*INSTRUCTIONS TO FOLLOW:* Below is some data. Retype exactly the lines starting at the one with "Top da donna" and ending at the one with "За счет добавленной".

*SOURCE DATA:*
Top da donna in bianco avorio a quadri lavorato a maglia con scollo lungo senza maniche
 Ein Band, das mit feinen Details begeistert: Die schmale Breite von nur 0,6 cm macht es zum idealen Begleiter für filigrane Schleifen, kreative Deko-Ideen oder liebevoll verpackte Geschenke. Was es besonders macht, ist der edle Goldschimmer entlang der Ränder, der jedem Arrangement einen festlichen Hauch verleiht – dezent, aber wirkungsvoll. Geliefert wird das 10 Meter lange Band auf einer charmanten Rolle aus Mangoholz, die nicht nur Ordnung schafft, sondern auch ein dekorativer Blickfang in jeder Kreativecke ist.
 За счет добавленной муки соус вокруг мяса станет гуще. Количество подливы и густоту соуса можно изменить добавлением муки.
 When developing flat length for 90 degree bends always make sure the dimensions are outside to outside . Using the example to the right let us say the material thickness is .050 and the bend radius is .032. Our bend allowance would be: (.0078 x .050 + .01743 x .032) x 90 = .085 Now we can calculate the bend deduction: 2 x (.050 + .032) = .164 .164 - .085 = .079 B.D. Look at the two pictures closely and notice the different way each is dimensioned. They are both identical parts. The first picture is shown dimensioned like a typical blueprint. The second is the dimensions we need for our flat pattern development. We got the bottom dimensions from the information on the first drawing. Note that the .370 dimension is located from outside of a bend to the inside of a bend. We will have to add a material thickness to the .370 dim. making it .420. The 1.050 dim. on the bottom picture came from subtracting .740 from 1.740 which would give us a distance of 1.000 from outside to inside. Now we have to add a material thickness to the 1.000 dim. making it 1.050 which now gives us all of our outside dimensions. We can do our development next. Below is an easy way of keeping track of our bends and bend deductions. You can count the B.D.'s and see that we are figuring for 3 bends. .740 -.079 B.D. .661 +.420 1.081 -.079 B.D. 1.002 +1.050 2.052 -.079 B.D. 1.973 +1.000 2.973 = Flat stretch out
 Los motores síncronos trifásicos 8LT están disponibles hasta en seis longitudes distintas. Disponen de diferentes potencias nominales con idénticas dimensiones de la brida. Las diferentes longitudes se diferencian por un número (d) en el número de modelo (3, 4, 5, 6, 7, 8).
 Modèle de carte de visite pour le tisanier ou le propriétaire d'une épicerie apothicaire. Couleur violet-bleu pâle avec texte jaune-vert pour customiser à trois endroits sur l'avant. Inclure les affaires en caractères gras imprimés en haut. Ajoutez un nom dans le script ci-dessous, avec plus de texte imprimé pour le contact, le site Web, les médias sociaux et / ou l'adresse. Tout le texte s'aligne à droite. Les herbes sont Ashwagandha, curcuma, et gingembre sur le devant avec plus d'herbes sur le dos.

...

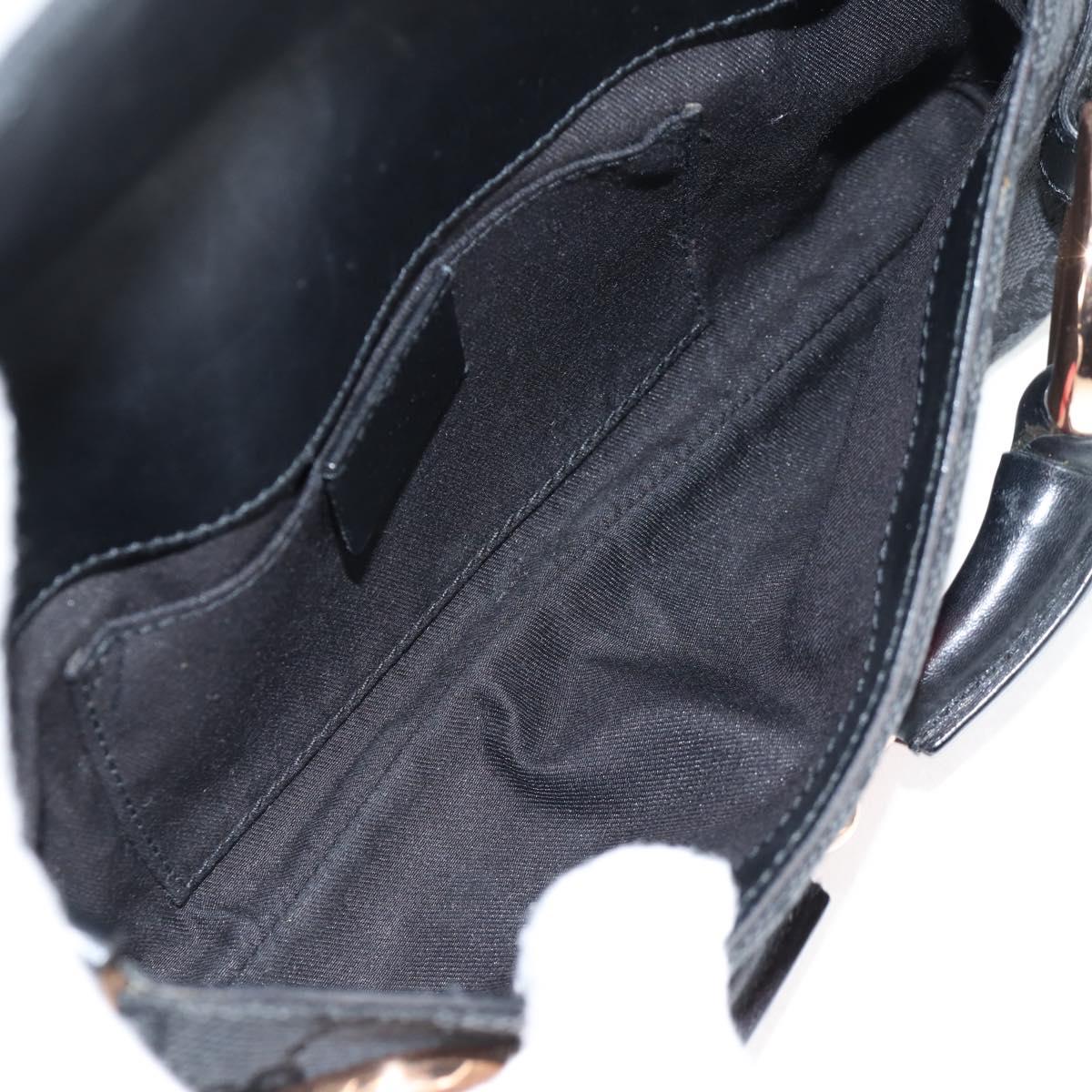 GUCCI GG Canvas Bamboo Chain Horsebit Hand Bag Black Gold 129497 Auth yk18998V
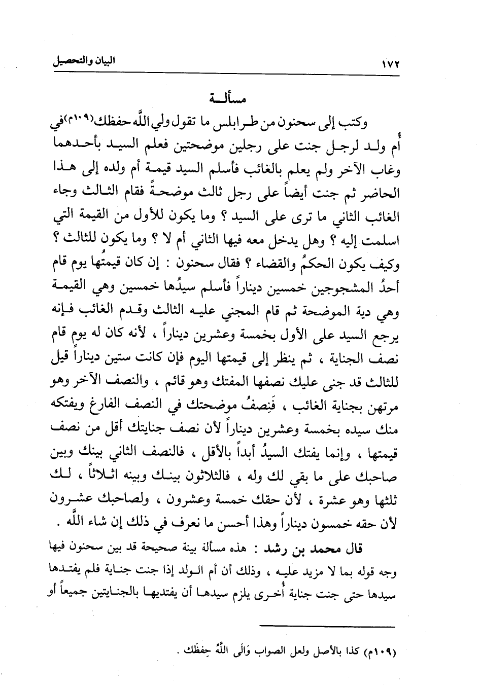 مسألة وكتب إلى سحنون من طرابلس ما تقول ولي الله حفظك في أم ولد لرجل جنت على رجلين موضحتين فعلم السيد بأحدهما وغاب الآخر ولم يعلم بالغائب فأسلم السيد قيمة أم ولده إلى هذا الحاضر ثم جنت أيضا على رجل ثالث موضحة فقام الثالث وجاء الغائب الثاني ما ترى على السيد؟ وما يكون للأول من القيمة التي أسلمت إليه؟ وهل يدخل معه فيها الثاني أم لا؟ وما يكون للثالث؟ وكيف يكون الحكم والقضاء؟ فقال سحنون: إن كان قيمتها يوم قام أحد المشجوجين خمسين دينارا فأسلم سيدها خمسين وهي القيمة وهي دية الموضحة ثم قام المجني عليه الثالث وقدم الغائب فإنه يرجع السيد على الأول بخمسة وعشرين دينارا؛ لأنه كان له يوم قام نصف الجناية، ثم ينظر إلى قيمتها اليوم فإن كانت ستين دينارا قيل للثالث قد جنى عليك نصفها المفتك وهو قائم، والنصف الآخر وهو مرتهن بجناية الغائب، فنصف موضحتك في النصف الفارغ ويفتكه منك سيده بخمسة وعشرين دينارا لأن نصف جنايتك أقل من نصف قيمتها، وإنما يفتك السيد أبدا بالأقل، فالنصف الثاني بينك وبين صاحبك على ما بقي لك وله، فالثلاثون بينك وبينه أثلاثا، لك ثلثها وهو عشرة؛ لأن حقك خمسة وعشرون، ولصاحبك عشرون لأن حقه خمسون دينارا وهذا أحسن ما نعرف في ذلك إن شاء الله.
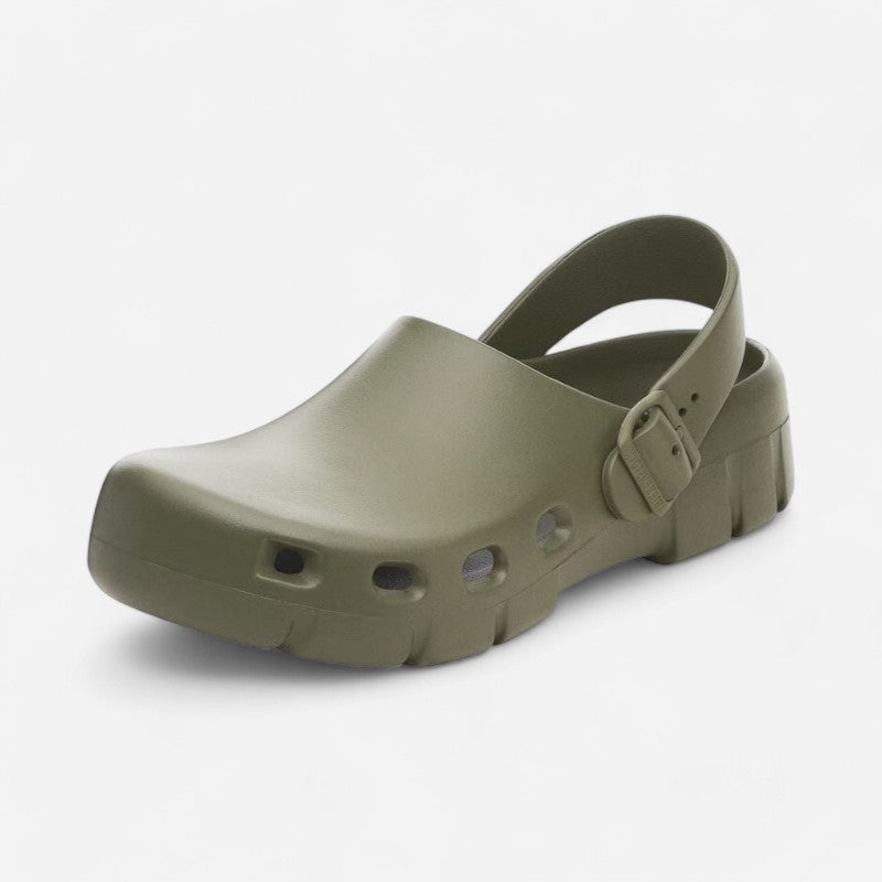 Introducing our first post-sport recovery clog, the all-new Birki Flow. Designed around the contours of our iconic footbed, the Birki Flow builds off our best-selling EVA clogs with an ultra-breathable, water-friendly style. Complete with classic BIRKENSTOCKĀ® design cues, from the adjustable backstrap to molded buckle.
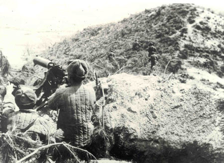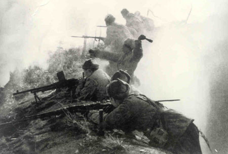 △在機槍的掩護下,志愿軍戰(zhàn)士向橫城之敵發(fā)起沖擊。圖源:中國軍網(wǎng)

*RESULT OF THIS TASK:*
Top da donna in bianco avorio a quadri lavorato a maglia con scollo lungo senza maniche
 Ein Band, das mit feinen Details begeistert: Die schmale Breite von nur 0,6 cm macht es zum idealen Begleiter für filigrane Schleifen, kreative Deko-Ideen oder liebevoll verpackte Geschenke. Was es besonders macht, ist der edle Goldschimmer entlang der Ränder, der jedem Arrangement einen festlichen Hauch verleiht – dezent, aber wirkungsvoll. Geliefert wird das 10 Meter lange Band auf einer charmanten Rolle aus Mangoholz, die nicht nur Ordnung schafft, sondern auch ein dekorativer Blickfang in jeder Kreativecke ist.
 За счет добавленной муки соус вокруг мяса станет гуще. Количество подливы и густоту соуса можно изменить добавлением муки.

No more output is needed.